Есть один или два факта, которые, как мне кажется, указывают на вывод, что превосходство подразумевается в формах смеха, имеющих отчетливо личную цель, если не молчаливо ими заявляется. Один из них — общеизвестный факт, что любое чувство неполноценности по отношению к смешному человеку или даже уважение к нему подавляет смех созерцателя. Но другие факты кажутся мне еще более убедительными. Первый из них заключается в том, что если человек обнаруживает, что он сам явно вовлечен в позор, абсурдную ситуацию или что-либо еще, что вызывает смех, он больше не смеется или смеется в другом ключе. Я вижу, как мой почтенный попутчик теряет шляпу на углу улицы, где ветер лежит в засаде: моя душа ликующе расширяется. Мгновение спустя я сам могу стать жертвой этой засады, и в этом случае я, вероятно, перестаю смеяться и становлюсь объектом другой эмоции. Или, если я достаточно «смеющееся животное», чтобы сохранить веселье, смех изменится. Вся слава, чувство подъема, ликование исчезнут, и новый смех, который охватывает меня вместе с другим несчастным, будет содержать в себе нечто от унижения, в лучшем случае он сожмется до «смиренной радости».

Второй факт еще более решителен. Если в нашем обычном смехе над другими не подразумевается превосходство, как получается, что у всех нас такая упорная неприязнь к тому, чтобы стать его объектом? Самым любезным людям трудно подняться до уровня простого терпимого отношения к чужому смеху: человек, который может достичь возвышенной высоты, находя в этом реальное и значительное удовлетворение, должен быть героем или — как сказали бы некоторые — трусом. Есть люди с подлинным и безупречным юмором, которые едва ли, если вообще, менее остро чувствительны к нападкам другого смеющегося, чем самые серьезные педанты. Понятно ли это, если мы не предположим, что смех над человеком инстинктивно интерпретируется как утверждение превосходства над ним?
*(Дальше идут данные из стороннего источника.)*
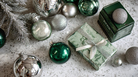 stylish christmas table centerpiece featuring silver ornaments a lit candle and white flowers. perfect for luxury winter interior design, holiday home staging, and festive celebration atmosphere.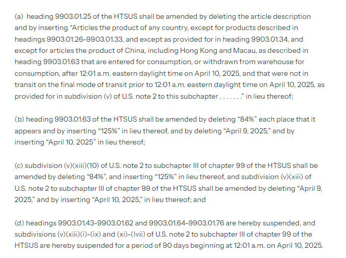 •将对中国加征的“84%”关税修改为“125%”;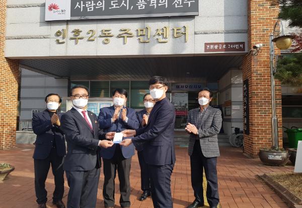 전주복지신협은 26일 인후2동 주민센터에 어려운 이웃을 위해 써달라며 성금 150만 원을 기탁했다.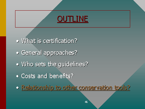 The final point to be discussed relates to the relationship between forest certification and other programs aimed at increasing forest sustainability, environmental performance and land stewardship.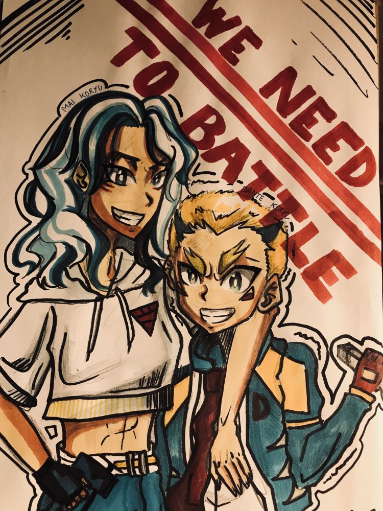 No tule sem narisala spet prejšnjega karakterja z prvega dela in še enega karakterja z Beyblade burst. Ime: Dante Koryu...:sweat_smile: (pač onedva sta kot nekako brat in sestra:sweat_smile:)

По-видимому, разумно считать, что если смех в обычных случаях подразумевает превосходство и так воспринимается его объектом, то наслаждение им его субъектом будет очень склонно привносить с собой привкус превосходства. Это, как я полагаю, и есть элемент истины в теории Гоббса.

Вышеизложенные соображения, по-видимому, ясно показывают, что сфера комического не является закрытой и четко ограниченной территорией, как это по большей части предполагают теоретики. Наше наслаждение ее забавными зрелищами связывается с тенденциями, которые мы можем наблюдать в смехе детей и нецивилизованных взрослых, и, по сути, поглощает их. И если это так, то факт, по-видимому, требует от нас вернуться к этим примитивным тенденциям, чтобы увидеть, насколько связь сохраняется, то есть насколько эффекты комического могут рассматриваться как результат игры этих тенденций.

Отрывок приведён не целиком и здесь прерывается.